■ Task statement:
Up to and including the line with "10月30日下午,安徽师范大", restate every line of the records below word for word, from the first line on, leaving out the pictures.

::: The data :::

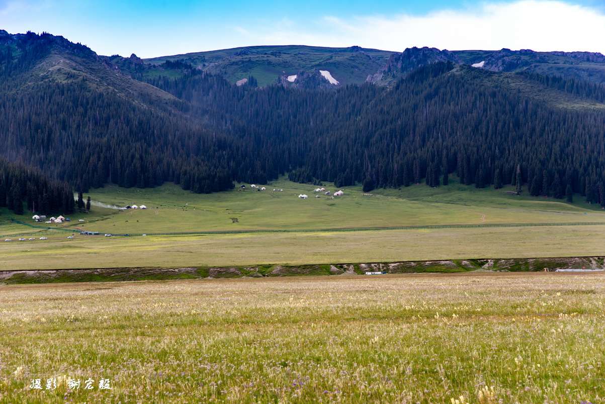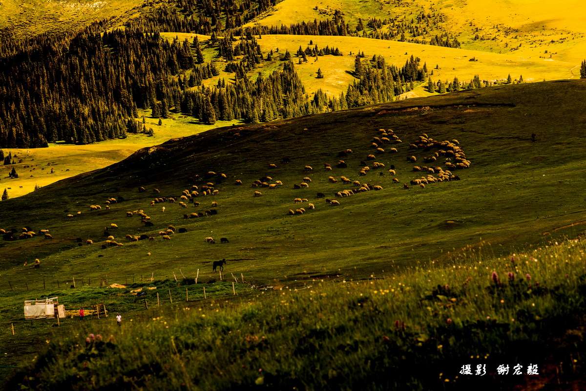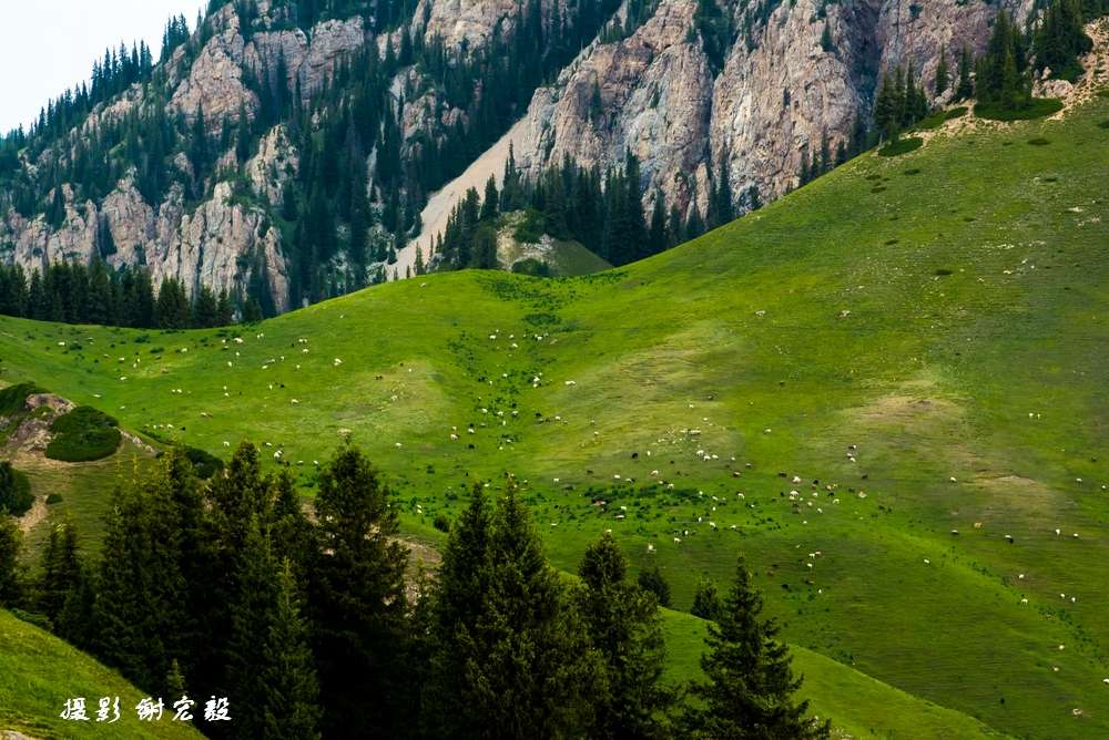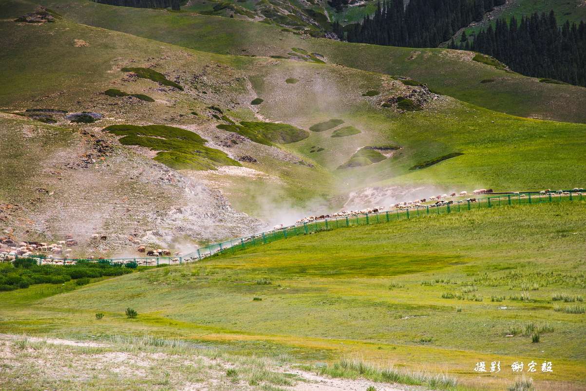 果子沟里的高山牧场。不必风吹草低见牛羊,站高处看就可细数山坡上羊儿,当然数来数去数不清那是你的事了。
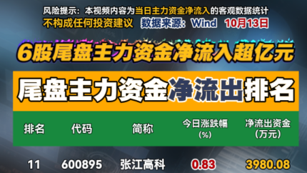 6股尾盘主力资金净流入超亿元
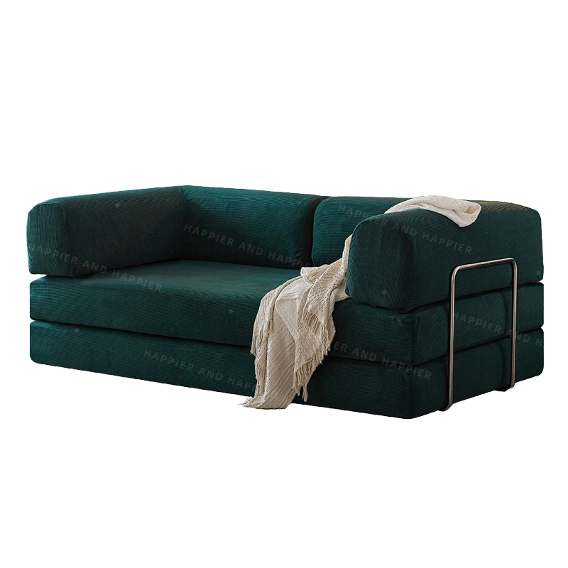 เตียงโซฟาผ้าทรงสี่เหลี่ยมแบบบีบอัดที่ทันสมัยพร้อมขาสแตนเลสชุดสุญญากาศสำหรับวิลล่าห้องนั่งเล่น
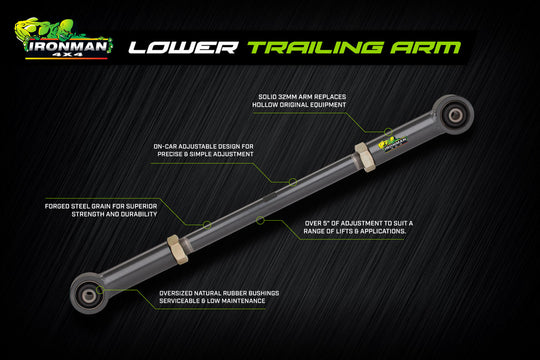 Trailing arms are some of the most exposed suspension components on a lifted 4x4 and are prone to bending and breaking. Ironman 4x4 has resolved this common problem by producing heavy duty ADR approved, adjustable lower...Regular price $299.00Regular price $299.00 -
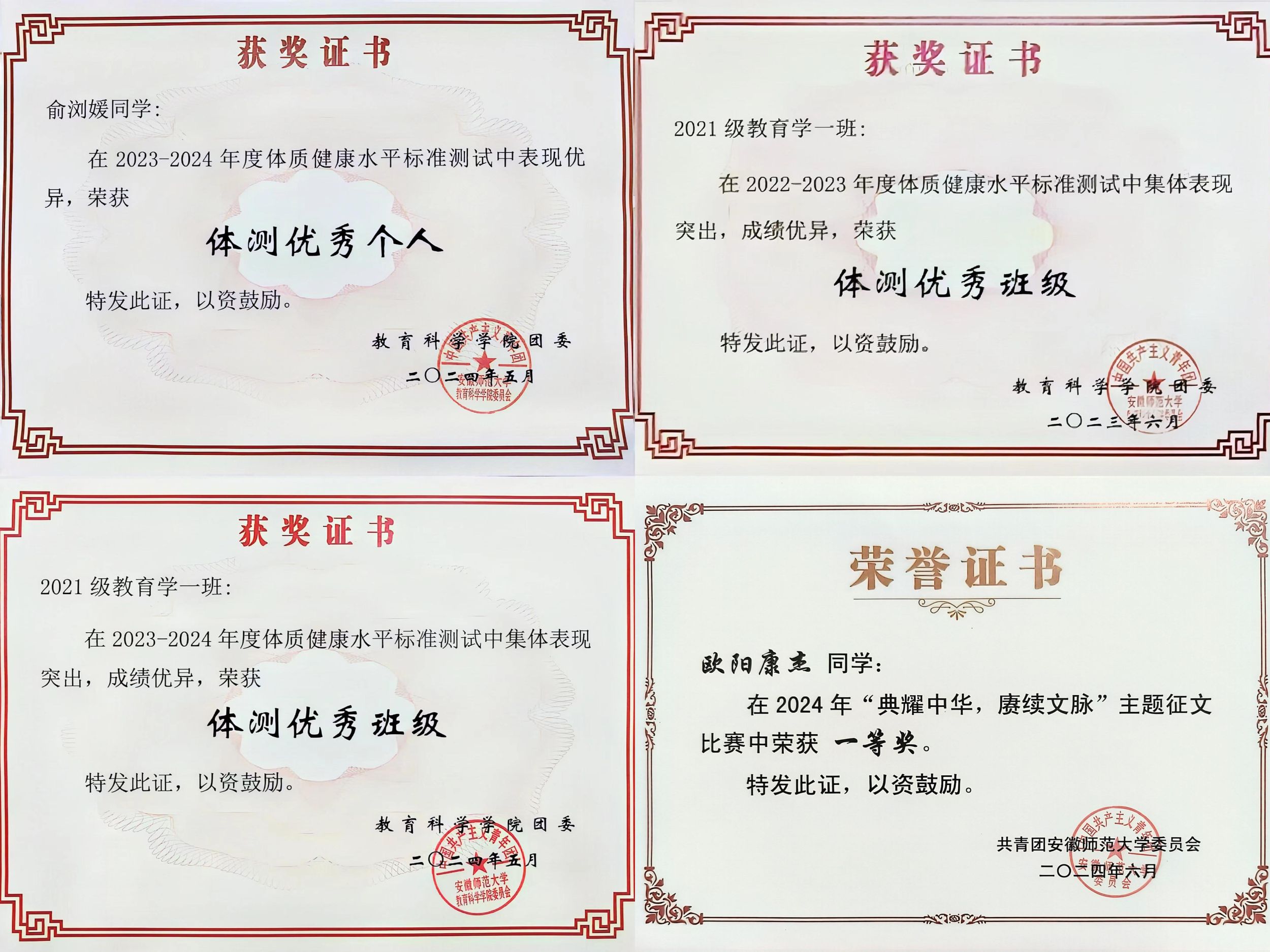 10月30日下午,安徽师范大学2023-2024学年“十佳班集体”风采展评会在花津校区举行。教育科学学院2021级教育学1班在本次“十佳班集体”评选中以精彩的表现脱颖而出,荣获“十佳班集体”荣誉称号。该班也是继2023年2020级教育技术学1班之后,学院再次获评校“十佳班集体”的班级。
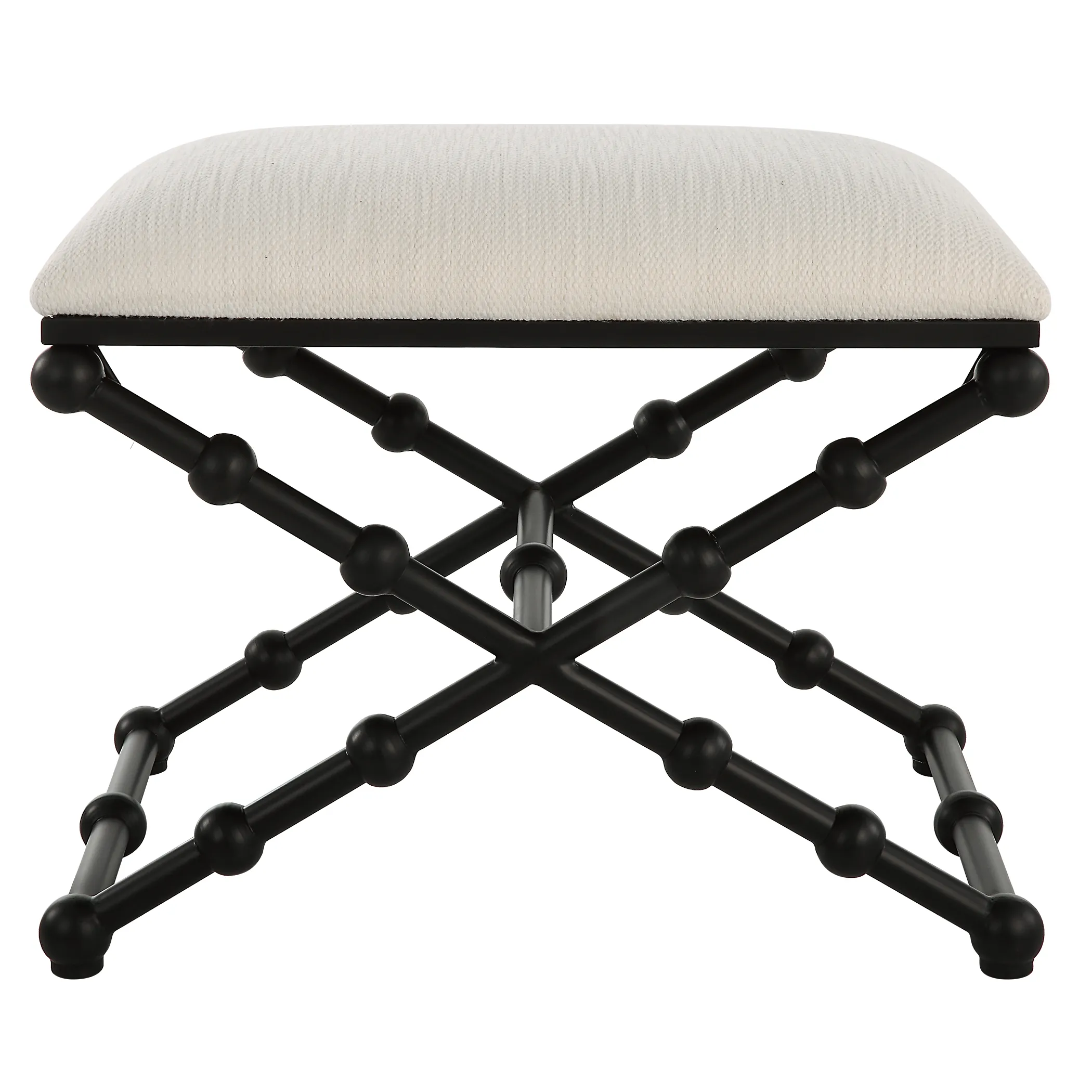 Sophisticated Style Created By The Whimsical Bubble Legs Ensures This Bench To Stand Out In Any Home. Crafted In Iron With A Satin Black Finish Contrasted With A Cushioned Seat In A Crisp White Textured Polyester Fabric With Performance Treatment.
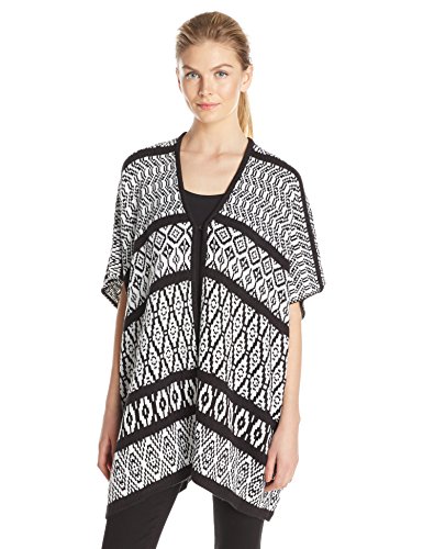 Modified elbow jacquard ponch like pullover with hook and eye.
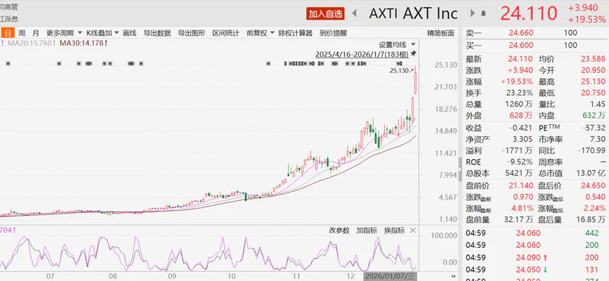 美国时间周三,美股磷化铟(InP)概念股AXT Inc涨近20%。拉长时间线就能看到,近半年多以来,其股价屡创新高,累计涨幅约1000%。
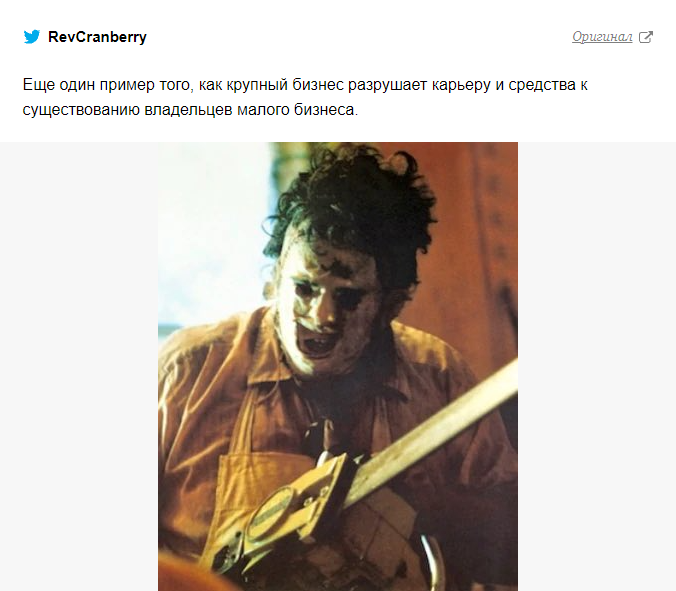 Однако часть пользователей соцсети поиронизировали над, возможно, фейковым магазином, вспомнив популярные киноленты про маньяков и серийных убийц. Например, блогер с ником RevCranberry (@Revkun_) в шутку сравнил изделия PETA с маской из кожи, которую носил герой фильма ужасов «Техасская резня бензопилой».

:::

■ Exercise output:
 果子沟里的高山牧场。不必风吹草低见牛羊,站高处看就可细数山坡上羊儿,当然数来数去数不清那是你的事了。
 6股尾盘主力资金净流入超亿元
 เตียงโซฟาผ้าทรงสี่เหลี่ยมแบบบีบอัดที่ทันสมัยพร้อมขาสแตนเลสชุดสุญญากาศสำหรับวิลล่าห้องนั่งเล่น
 Trailing arms are some of the most exposed suspension components on a lifted 4x4 and are prone to bending and breaking. Ironman 4x4 has resolved this common problem by producing heavy duty ADR approved, adjustable lower...Regular price $299.00Regular price $299.00 -
 10月30日下午,安徽师范大学2023-2024学年“十佳班集体”风采展评会在花津校区举行。教育科学学院2021级教育学1班在本次“十佳班集体”评选中以精彩的表现脱颖而出,荣获“十佳班集体”荣誉称号。该班也是继2023年2020级教育技术学1班之后,学院再次获评校“十佳班集体”的班级。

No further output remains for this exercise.